Partitioning is the division of a storage block device into several independently managed sub-areas based on physical addresses.

# fdisk /dev/vda1Welcome to fdisk (util-Linux 2.23.2). Changes stay in memory until you decide to write them to disk. Think twice before using write commands. Device does not contain a Recognized Partition Table Disk Identifier 0xf65964EC Creates a New DOS Disk label. Command (enter m for help) : m command operation...
#  mkfs -t ext4 /dev/vdb1
Copy the code

So this is going to be

  • Fdisk Specifies a block device file
  • Create a partition n from the block device file
    • Select primary partition or not
    • Select partition number
    • Select the first sector
    • Select the last sector
  • mkfs -t ext4 /dev/vdb1Initialize the partition asext4Type of a file system
  • Mount the file system to a directory

So what do you mean by mount?

mount

/ and /data are the two mount points.

# df -hTFile system Type Capacity Used Available Used % Mount point /dev/vda1 ext4 99G 80G 16G 85% /dev/vdb1 ext4 394G 6.5g 368GB 2% /dataCopy the code

What do you make of this mount point?

  • Block devices are identified and initialized by the device’s driver (kernel)
  • / is a must, otherwise this directory will not be usable, other directories are fine
  • /data is the mount point for /dev/vdb1. This means that all files and directories created under /data are stored using blocks under /dev/vdb1
  • When storing data, the mount point priority of the child directory > the mount point priority of the child directory means that /data/file is stored at the mount point of /data instead of /, that is, the actual mount point is stored at /dev/vdb1.

Relationship between an operating system and a file system

  • After the operating system starts, the file system will be mounted.
  • The operating system image exists on a disk (boot disk), which is special and can be booted without being mounted.

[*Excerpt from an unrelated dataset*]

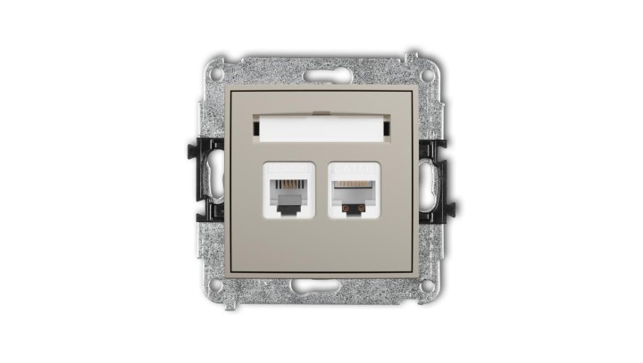 MINI Mechanizm gniazda telefonicznego poj. 1xRJ11 + komputerowego poj. 1xRJ45, kat. 5e, 8-stykowy, beznarzędziowe taupe 60MGTK

More advanced capabilities -VFS

File systems can vary in implementation details, and we can choose different file systems when formatting partitions. As you can see from the command, there are various mount points and file systems on our system, but no matter which one we read, we do it the same way: vim reads, CAT reads, echo writes.

This is because file systems have a unified abstract VFS, as shown below:

The VFS provides a unified upper-layer interface to read and write files, so that applications can access files on various file systems in a simple and uniform way.